What carries the argument
The distillation divergence, defined as the Kullback-Leibler divergence between the stochastic kernels of the teacher and student training processes, quantifies the difference between the two processes and transfers generalization properties from teacher to student.
If this is right
- If the distillation divergence remains small, the student's generalization gap stays close to the teacher's gap.
- The lower bound implies that large distillation divergence prevents the student from generalizing much better than the teacher.
- Incorporating the teacher's loss sharpness yields a strictly tighter bound when the teacher is locally flat.
- In linear Gaussian models the divergence breaks into bias, variance, and rank costs that can guide choices such as model architecture or training rank.
Where Pith is reading between the lines
- Minimizing the distillation divergence during training could serve as a practical objective that improves distillation results beyond standard soft-label losses.
- The coupled-process view may extend to other transfer settings by defining analogous divergences between source and target training kernels.
- Testing the bounds on nonlinear networks would reveal whether the linear Gaussian decomposition offers useful design rules outside the analyzed case.
Load-bearing premise
Teacher and student training can be modeled as coupled stochastic processes whose kernels admit a well-defined KL divergence that can be bounded or decomposed in the stated ways.
What would settle it
An experiment or calculation showing that the student's generalization error exceeds the derived upper bound even when the distillation divergence is small and the sub-Gaussian assumption holds.
read the original abstract
Knowledge distillation is widely used to improve generalization in practice, yet its theoretical understanding remains elusive.

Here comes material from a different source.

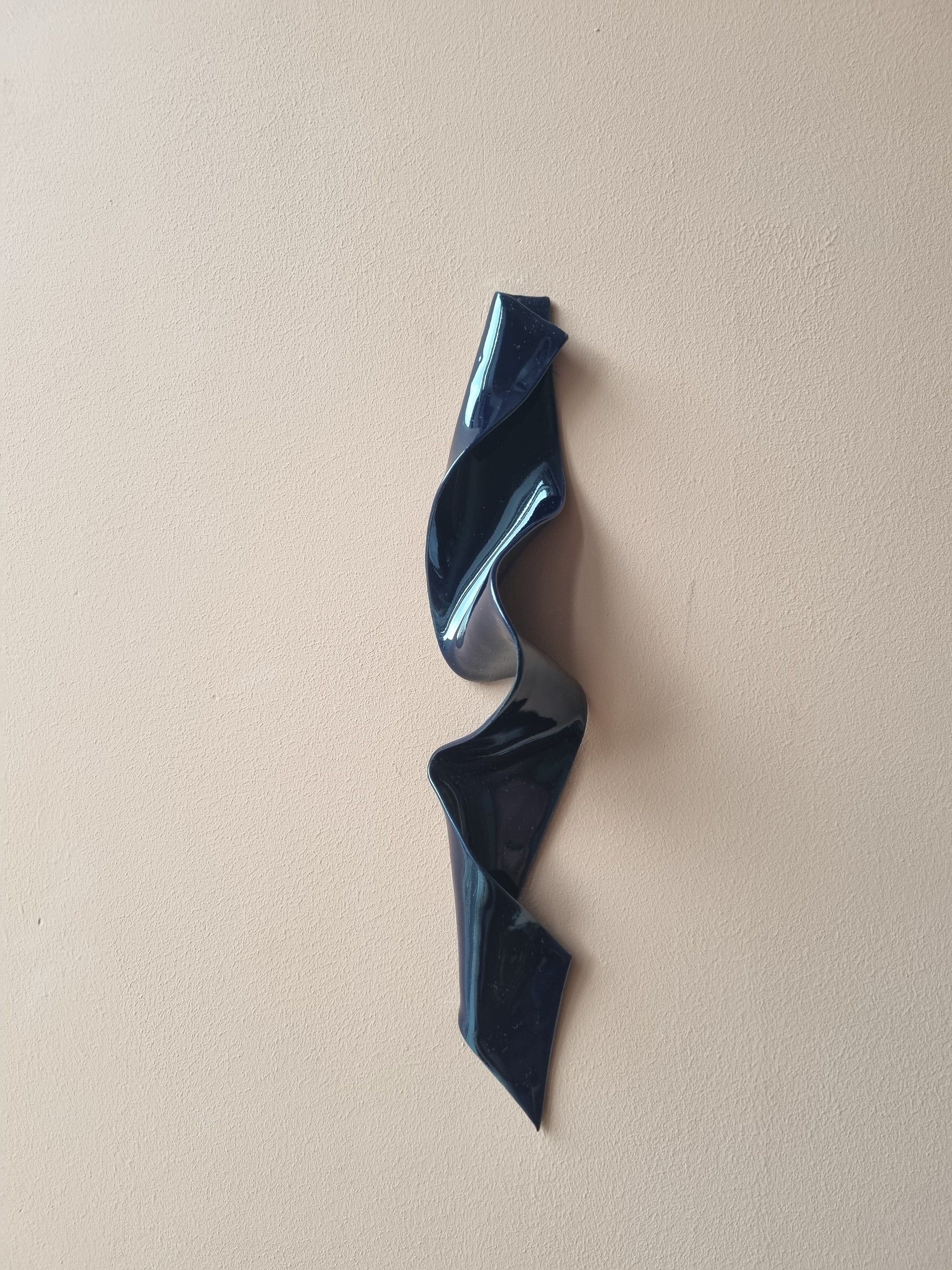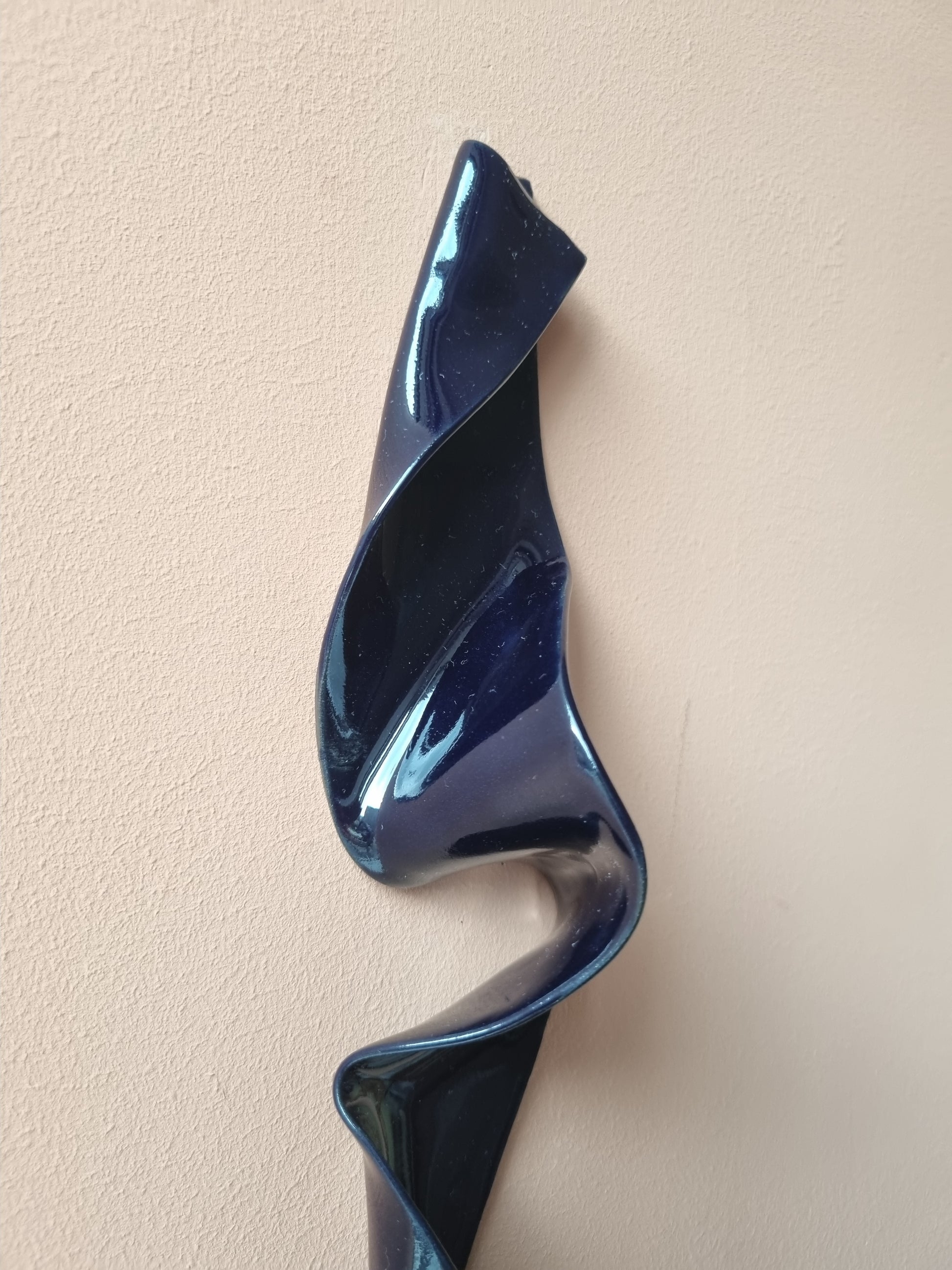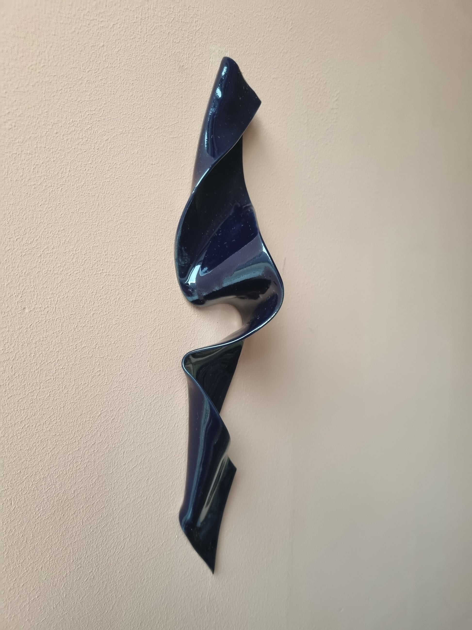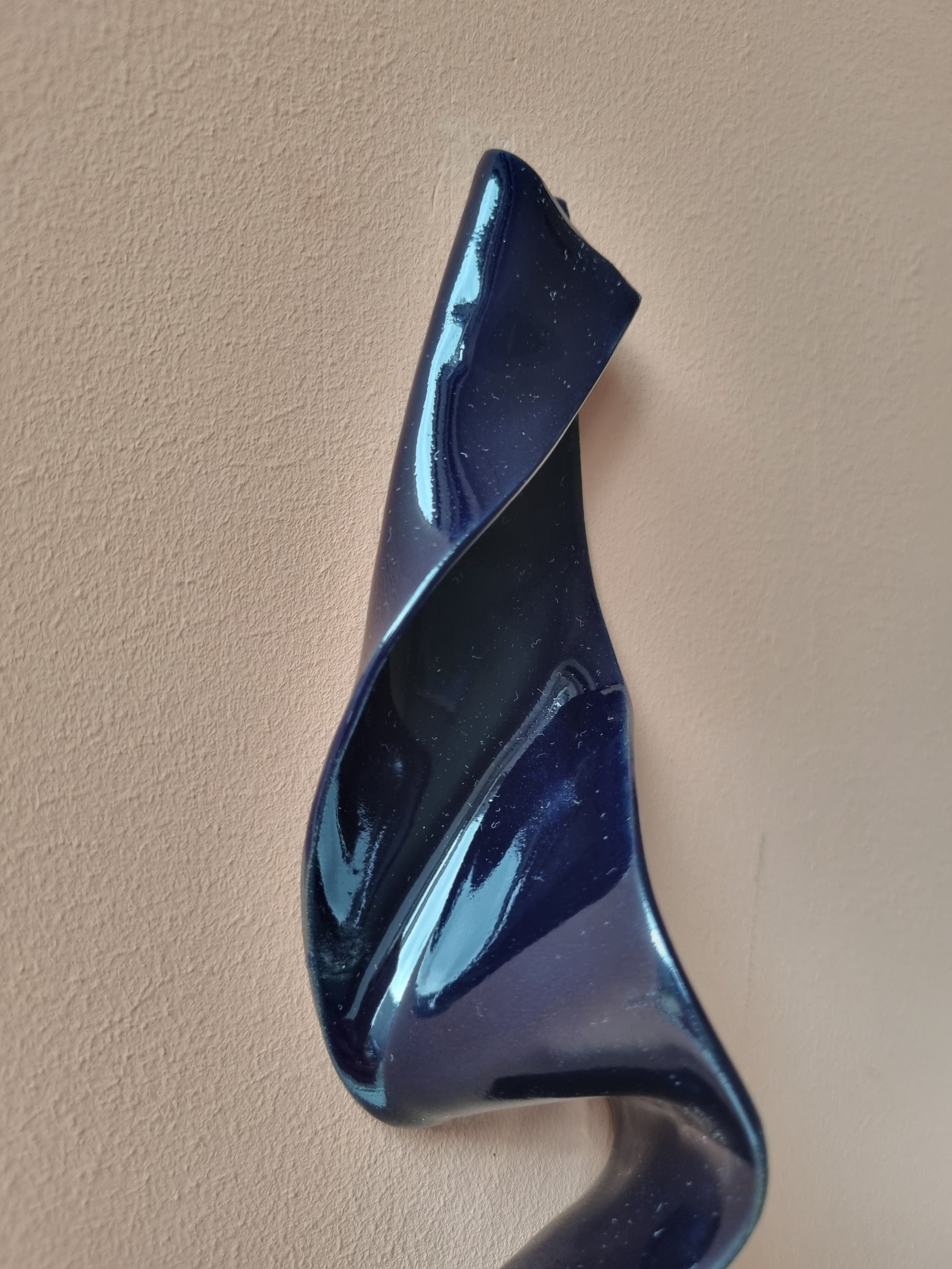 Blank dyb mørkeblå krummelure. Stilfuld og lækkert keramikværk, der vil give spræl og dybde på din væg <3

In the standard distillation setting, a teacher model provides soft predictions to guide the training of a student model. We model teacher and student training as coupled stochastic processes and introduce a distillation divergence, defined as the Kullback-Leibler divergence between these two stochastic kernels. Within this framework, we derive two generalization bounds for the student model relative to the teacher's generalization gap: an upper bound under a sub-Gaussian assumption via algorithmic stability, and a lower bound under a central condition with sharper dependence on the distillation divergence. We further develop a loss-sharpness-aware bound with an explicit tightness regime, showing that the teacher's local flatness can strictly tighten the bound. Additionally, in a linear Gaussian case study, the distillation divergence admits an interpretable decomposition into bias, variance, and rank-bottleneck costs, yielding practical guidance for distillation design.
Editorial analysis
A structured set of objections, weighed in public.
Referee Report
Summary. The paper models teacher and student training in knowledge distillation as coupled stochastic processes and defines a distillation divergence as the KL divergence between their stochastic kernels. It derives an upper bound on the student's generalization gap (relative to the teacher's) under a sub-Gaussian assumption via algorithmic stability, a lower bound under a central condition with sharper dependence on the divergence, a loss-sharpness-aware bound with an explicit tightness regime for the teacher's local flatness, and an interpretable bias-variance-rank decomposition of the divergence in a linear-Gaussian case study.
Significance. If the coupled-process modeling and bounds hold with the stated assumptions, the work provides a useful information-theoretic lens on distillation that explicitly ties the divergence to generalization gaps and offers practical design guidance via the linear-case decomposition. The combination of stability-based upper bounds, central-condition lower bounds, and the sharpness tightness regime is a constructive contribution to KD theory.
major comments (3)
- [Framework section] Framework section: The central construction defines the distillation divergence via KL between stochastic kernels of coupled teacher-student processes, which presupposes a joint law over simultaneous training dynamics. This modeling choice is load-bearing for both the upper and lower bounds, yet standard KD practice fixes a pre-trained teacher and trains the student independently; the manuscript should clarify whether the bounds extend to the sequential regime or require additional approximation arguments.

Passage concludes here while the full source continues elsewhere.